As evidenced in the discussion above, the combination of cognitive therapy and its behavioural counterpart is efficient in the treatment of schizophrenia. This is primarily because the disorder itself has cognitive components as well as behavioural components, and an application of either of the two without the other will not be effective. For instance, schizophrenic patients have distorted and disorganized mental frames.
This is a cognitive component of the disorder that cannot be effectively treated by behavioural therapy. On the other hand, schizophrenic patients are normally unable to effectively learn from their past because of their poor analytical skills. This is a behavioural component of the disorder that cannot be effectively treated solely by cognitive therapy. It is thus of essence that schizophrenic patients are exposed to cognitive-behavioural therapy in order for their situation to improve.

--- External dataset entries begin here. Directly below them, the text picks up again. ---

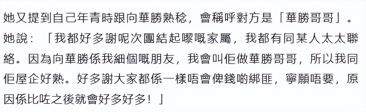 翁静晶表示和向华胜的关系要好,称呼他为“华胜哥哥”,因为向家的大当家“向华炎”去年病重,所以翁静晶一开始没有联系向家,现在要感谢向华胜的妻子,大家团结起来不给赎金。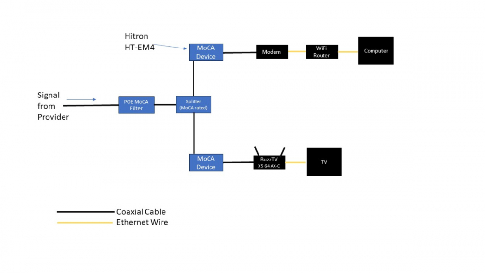 BuzzTV5 box and TV were connected by Ethernet through MoCA box.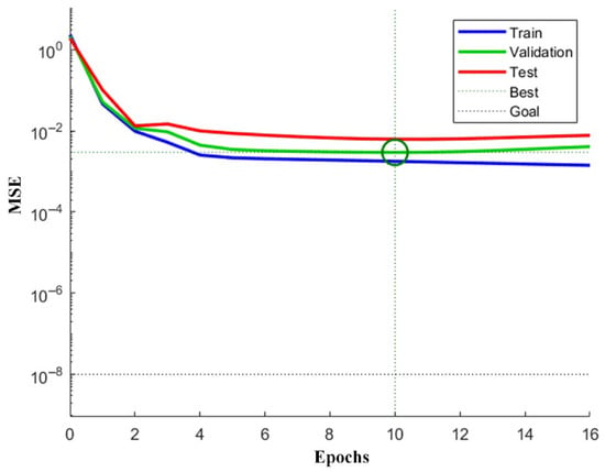The accuracy of the PSO-BPNN predictive model for disassembly time, disassembly profit, and disassembly carbon emissions does not reach 100% for some reasons. Firstly, as a data-driven approximate model, the predictive ability of PSO-BPNN is limited by the network structure and optimization algorithms. If the number of network layers is too small or the number of neurons is insufficient, the model may not be able to fully learn complex data patterns, and the network may not converge. Secondly, the small number of samples may result in poor model training with regard to the predictive ability. In addition, the learning rate curve of the proposed model is shown in Figure 12. In the initial 0–3 epochs, both the training and validation errors decreased rapidly, indicating that the model is effectively learning the features of the data. Between epochs 3 and 10, the error rate slows down as the model converged, with the validation error achieving the optimal performance. From epoch 10 to 6, the training error continues to decrease slightly, but the validation and test errors begin to increase marginally, indicating that the model continues to fit the training set. The training error has been reduced to a very low level (at an order of 10−3) and is significantly lower than in the initial stage. Therefore, the model does not suffer from severe underfitting. After the 10th epoch, the training error continues to decrease, while the validation and test errors stabilized or slightly increased, which are signs of overfitting.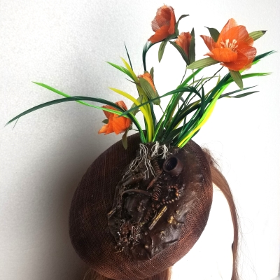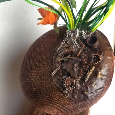 'Nature' is a design to shown how we are damaging the earth (all the rubbish in the brown powertex) and that nature still does her best to grow despite the damage we do. How much better could She grow without the rubbish we leave.  The hat has elastic to hold it in place and is fully lined.  The flowers are silk with fabric leaves and feather 'grass'.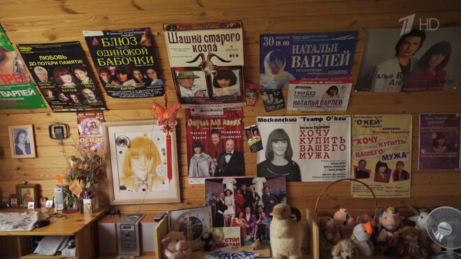 Внутри дома имеются камин и библиотека, а стена в одной из комнат полностью посвящена творческой деятельности Натальи Владимировны – она вся увешана афишами и плакатами.

- Chadwick, P. Cognitive-behavioural therapy for schizophrenia: filling the therapeutic vacuum. BJPsych. 2003. Web.
- Cormac, I. Cognitive behavior therapy for schizophrenia. California: Wadsworth Publishing; 2003.
- Franklin, D. Cognitive Therapy for Schizophrenia. Psychological Information Online. 1999. Web.
- Gary, M. Cognitive behavioural therapy for schizophrenia. 2009. Web.
- Weiden, P. Cognitive Behaviour Therapy for Schizophrenia. Reviews and Overviews. 2006. Web.